Part-way through development, I had an idea. (I don't remember exactly when, but it was somewhere near the start.) The turn-around time between each successive code drop was quite extensive, maybe several minutes. This is because the time taken for the text-to-speech API to read out each option wasn't fast, and any errors in the fourth step required us to work through all three previous steps. Similarly, the time taken to use the touch tones wasn't the fastest either. They're certainly not something that can be copied-and-pasted into the application.

So, I wrote a fake Tropo class. It had the same methods as the normal PHP Tropo class, but instead of generating XML packets and making REST requests it would call traditional console methods like print and gets. In this way I could more quickly work through the menu systems I was creating.

I utilised the downtime between front-end integration, waiting for inspiration, dealing with support, and so on to add little bits to the testing and debugging wrapper class(es) I was building. After beer, gin, and pizza we went home, but I was still now convinced there was something of interest here.
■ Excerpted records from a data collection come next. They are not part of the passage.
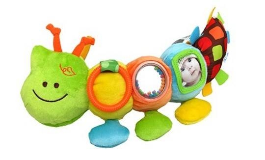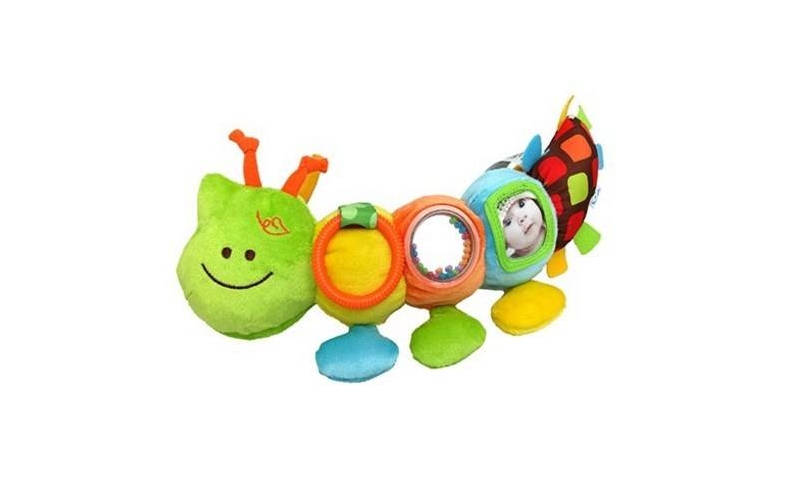 זחל רך צבעוני ונעים למגע העשוי מבד.התינוק יכול להסתכל במראה, לנער את החרוזים הצבעונים ולהנות מהמרקמים. מעורר את החושים של התינוק.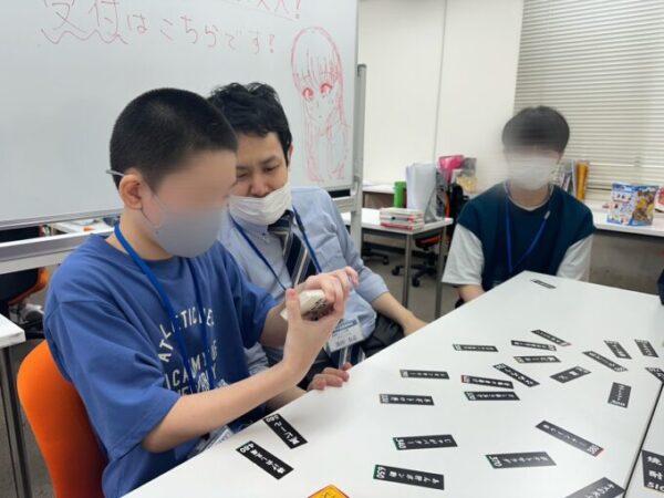 そのあとは「レロレロ酒場」というカードゲームで盛り上がりました!! 池田キャンパス長に発音のアドバイスをもらうA君🍀 みんなで楽しく過ごせました!!
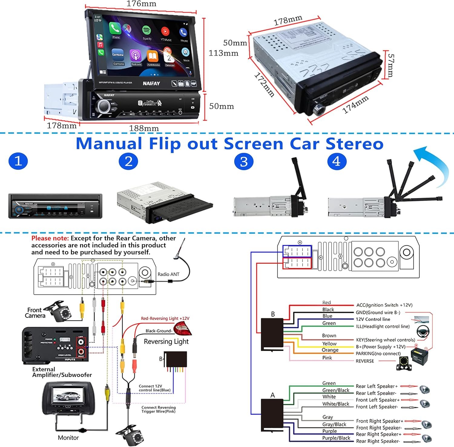Naifay Single Din Touchscreen Car Stereo with Carplay & Android Auto, 7inch Flip Out Screen Car Stereo with Bluetooth Car Audio Receivers, Backup Camera, FM Radio/Mirror Link/USB/AUX/TF/Subwoofer

Instead of submitting two versions of 'Emergency', each with a different API, I would submit this testing wrapper as a project in its own right. (Which still got me my “2 in 1 at TADHack” achievement, and resulted in another project for my github that might convince recruiters that I'm worth hiring!)
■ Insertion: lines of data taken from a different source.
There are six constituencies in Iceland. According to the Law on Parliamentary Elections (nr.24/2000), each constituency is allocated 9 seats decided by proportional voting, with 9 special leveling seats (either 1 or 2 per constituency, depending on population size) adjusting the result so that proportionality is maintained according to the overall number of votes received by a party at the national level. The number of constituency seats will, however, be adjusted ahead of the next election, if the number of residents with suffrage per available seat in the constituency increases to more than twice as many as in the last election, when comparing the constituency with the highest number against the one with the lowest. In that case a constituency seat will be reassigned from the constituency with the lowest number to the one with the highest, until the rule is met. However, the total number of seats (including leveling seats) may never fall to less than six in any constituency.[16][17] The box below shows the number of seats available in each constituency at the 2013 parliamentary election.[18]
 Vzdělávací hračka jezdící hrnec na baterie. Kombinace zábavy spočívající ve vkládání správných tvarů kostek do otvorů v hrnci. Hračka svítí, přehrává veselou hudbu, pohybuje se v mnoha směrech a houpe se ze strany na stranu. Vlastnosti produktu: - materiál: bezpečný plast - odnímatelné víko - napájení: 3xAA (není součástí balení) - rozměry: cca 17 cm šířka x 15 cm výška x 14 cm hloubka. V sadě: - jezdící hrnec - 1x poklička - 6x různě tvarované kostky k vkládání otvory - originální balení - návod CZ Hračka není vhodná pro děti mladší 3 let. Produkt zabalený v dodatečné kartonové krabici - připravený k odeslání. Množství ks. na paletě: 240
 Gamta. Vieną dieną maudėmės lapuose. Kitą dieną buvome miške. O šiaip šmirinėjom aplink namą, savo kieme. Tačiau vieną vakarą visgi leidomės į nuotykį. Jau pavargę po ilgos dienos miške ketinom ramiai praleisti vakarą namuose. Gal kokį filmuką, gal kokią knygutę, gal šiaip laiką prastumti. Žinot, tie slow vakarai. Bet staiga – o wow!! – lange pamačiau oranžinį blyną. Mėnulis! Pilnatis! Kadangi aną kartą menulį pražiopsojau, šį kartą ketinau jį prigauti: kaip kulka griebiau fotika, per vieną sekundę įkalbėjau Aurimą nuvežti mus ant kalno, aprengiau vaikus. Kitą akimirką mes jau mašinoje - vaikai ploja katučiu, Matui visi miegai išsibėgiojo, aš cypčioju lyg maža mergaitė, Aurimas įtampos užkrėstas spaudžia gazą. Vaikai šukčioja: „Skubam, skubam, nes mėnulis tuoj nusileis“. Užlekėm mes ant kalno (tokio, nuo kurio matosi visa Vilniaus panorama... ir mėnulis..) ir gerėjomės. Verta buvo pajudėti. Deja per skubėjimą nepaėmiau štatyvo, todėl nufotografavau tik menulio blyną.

BTW, being a telecomms hackathon, the gin was SIPsmith. Geddit? Who says the Germans don't have a sense of humour!

There's still scope to increase the library by allowing an input stream which isn't the keyboard, but a text file. In fact, I think this is its strongest point. By doing this you can have a true TDD approach to the IVR and specify every input and (expected) output to do a lot of very quick tests.
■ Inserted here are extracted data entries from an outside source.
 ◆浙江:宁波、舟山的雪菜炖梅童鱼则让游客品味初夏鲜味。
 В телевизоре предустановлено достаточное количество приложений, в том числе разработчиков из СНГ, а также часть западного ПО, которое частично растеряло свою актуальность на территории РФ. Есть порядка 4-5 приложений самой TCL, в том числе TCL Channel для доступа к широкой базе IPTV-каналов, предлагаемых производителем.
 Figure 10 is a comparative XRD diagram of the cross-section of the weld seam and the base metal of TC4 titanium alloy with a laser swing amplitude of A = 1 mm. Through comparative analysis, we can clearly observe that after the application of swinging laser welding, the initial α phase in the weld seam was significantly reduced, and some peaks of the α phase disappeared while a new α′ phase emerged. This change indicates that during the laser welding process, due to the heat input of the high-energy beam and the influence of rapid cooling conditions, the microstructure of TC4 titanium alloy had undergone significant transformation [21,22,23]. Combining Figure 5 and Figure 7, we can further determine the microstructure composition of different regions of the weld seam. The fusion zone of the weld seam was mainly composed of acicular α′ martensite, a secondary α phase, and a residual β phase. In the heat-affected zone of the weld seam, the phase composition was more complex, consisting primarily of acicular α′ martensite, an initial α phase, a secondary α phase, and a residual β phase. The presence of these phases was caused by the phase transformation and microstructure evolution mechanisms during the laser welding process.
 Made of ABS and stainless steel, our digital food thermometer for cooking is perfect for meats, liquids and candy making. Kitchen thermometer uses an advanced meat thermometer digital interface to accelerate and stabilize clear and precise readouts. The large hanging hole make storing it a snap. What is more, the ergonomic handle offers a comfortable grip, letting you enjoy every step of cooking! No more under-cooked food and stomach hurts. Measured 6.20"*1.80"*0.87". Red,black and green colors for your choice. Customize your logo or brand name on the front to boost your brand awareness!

P.S. If you're wondering about the name, it comes as an extension of the original library I'd found to handle the REST calls – called Lemonade. Similarly, when faking a Tropo request to the Vodka platform, I used the term 'Tonic' as a fake voice channel.

Future improvements

There were a few things left on the Backup Call TODO list.

Adding playback and forwarding functionality for non-emergency contacts, since the current version only reads those contacts with a 'star'. Such work shouldn't be difficult.

Importing your contacts directly from your phone. Internally I believe there's a fairly standard format for this data, although the user flow of uploading that from the SIM or SD card might present some interesting challenges.

Finally, adding virtual numbers for permanent forwarding. This, I think, is where the big win will come. If, instead of giving you my number, I give you a virtual number then any call made to me will be automatically forwarded through Tropo and the Backup Call server. Consequently, I can switch my number into “I've lost my phone” mode, or “There's a hurricane here but I'm safe” mode. It can even playback a pre-recorded message. In either case, it helps with the problem of worried friends trying to call and getting no answer at all, for whatever reason. (Especially since it never need interact with my real phone.)

Vodka has a few bugs left, but nothing too painful. I hope! It's also something that might be portable by other platforms.

The Results

We won! Both prizes. In fact, every team in Berlin succeeded in winning the global prize in their category for their hacks! I would say that there's something in the water, but we were drinking German beer, so maybe that's the reason!

On a personal level I succeeded in becoming one of only 3 people to have submitted 2 hacks over the course of a TADHack weekend. And all because - or maybe despite - I didn't follow my own project's advise... and prepare!

Technology Links

Tropo.com The sponsor's technology.

Vodka on github A test and development platform for Tropo - The Berlin local winner.

Backup Call on github The Tropo global winner.

Country name to ISO2 converter I added a new feature to my '0day' API wrapper, as it's literally a five minute job to create a new API!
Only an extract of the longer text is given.